§ **Data shown**:

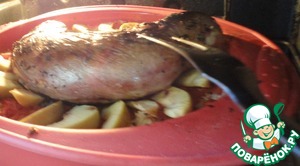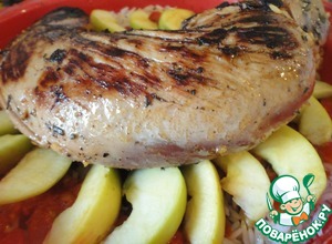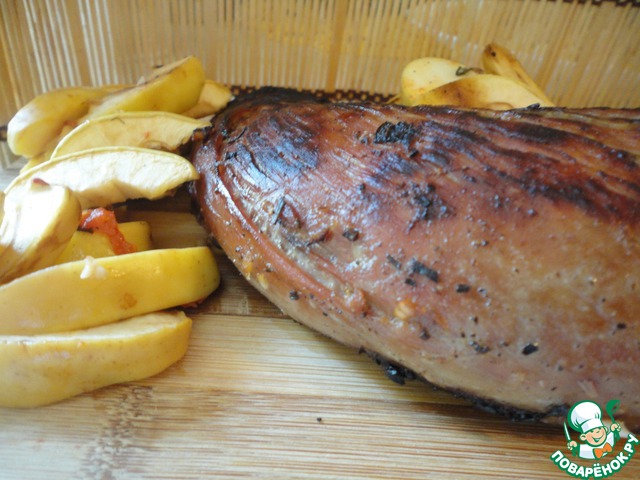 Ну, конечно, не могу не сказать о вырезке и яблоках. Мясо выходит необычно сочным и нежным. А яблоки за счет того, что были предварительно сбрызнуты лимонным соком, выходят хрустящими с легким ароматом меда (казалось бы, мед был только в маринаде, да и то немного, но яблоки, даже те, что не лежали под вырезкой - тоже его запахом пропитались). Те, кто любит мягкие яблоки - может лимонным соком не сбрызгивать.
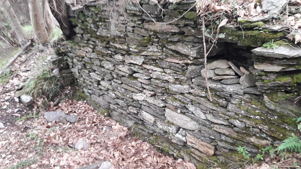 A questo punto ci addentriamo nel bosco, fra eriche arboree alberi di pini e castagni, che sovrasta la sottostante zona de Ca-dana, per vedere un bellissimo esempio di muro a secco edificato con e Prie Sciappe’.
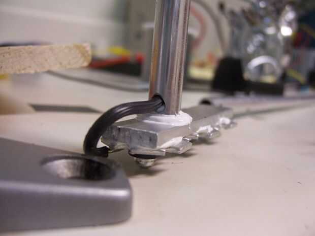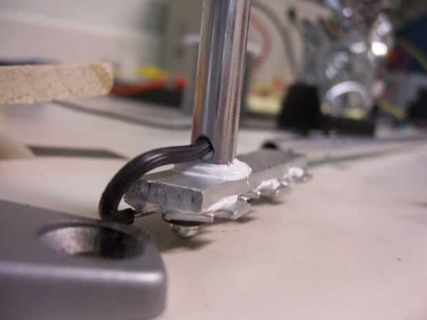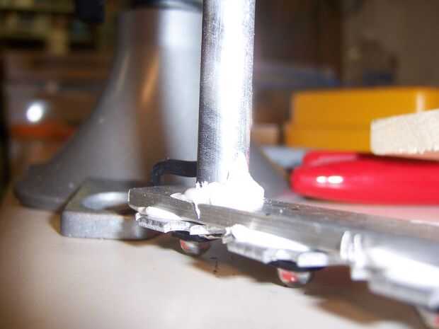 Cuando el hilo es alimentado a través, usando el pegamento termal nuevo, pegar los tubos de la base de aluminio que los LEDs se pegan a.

§ **Directions**: Return the data exactly. Pictures stay out.

§ **The completed task**:
 Ну, конечно, не могу не сказать о вырезке и яблоках. Мясо выходит необычно сочным и нежным. А яблоки за счет того, что были предварительно сбрызнуты лимонным соком, выходят хрустящими с легким ароматом меда (казалось бы, мед был только в маринаде, да и то немного, но яблоки, даже те, что не лежали под вырезкой - тоже его запахом пропитались). Те, кто любит мягкие яблоки - может лимонным соком не сбрызгивать.
 A questo punto ci addentriamo nel bosco, fra eriche arboree alberi di pini e castagni, che sovrasta la sottostante zona de Ca-dana, per vedere un bellissimo esempio di muro a secco edificato con e Prie Sciappe’.
 Cuando el hilo es alimentado a través, usando el pegamento termal nuevo, pegar los tubos de la base de aluminio que los LEDs se pegan a.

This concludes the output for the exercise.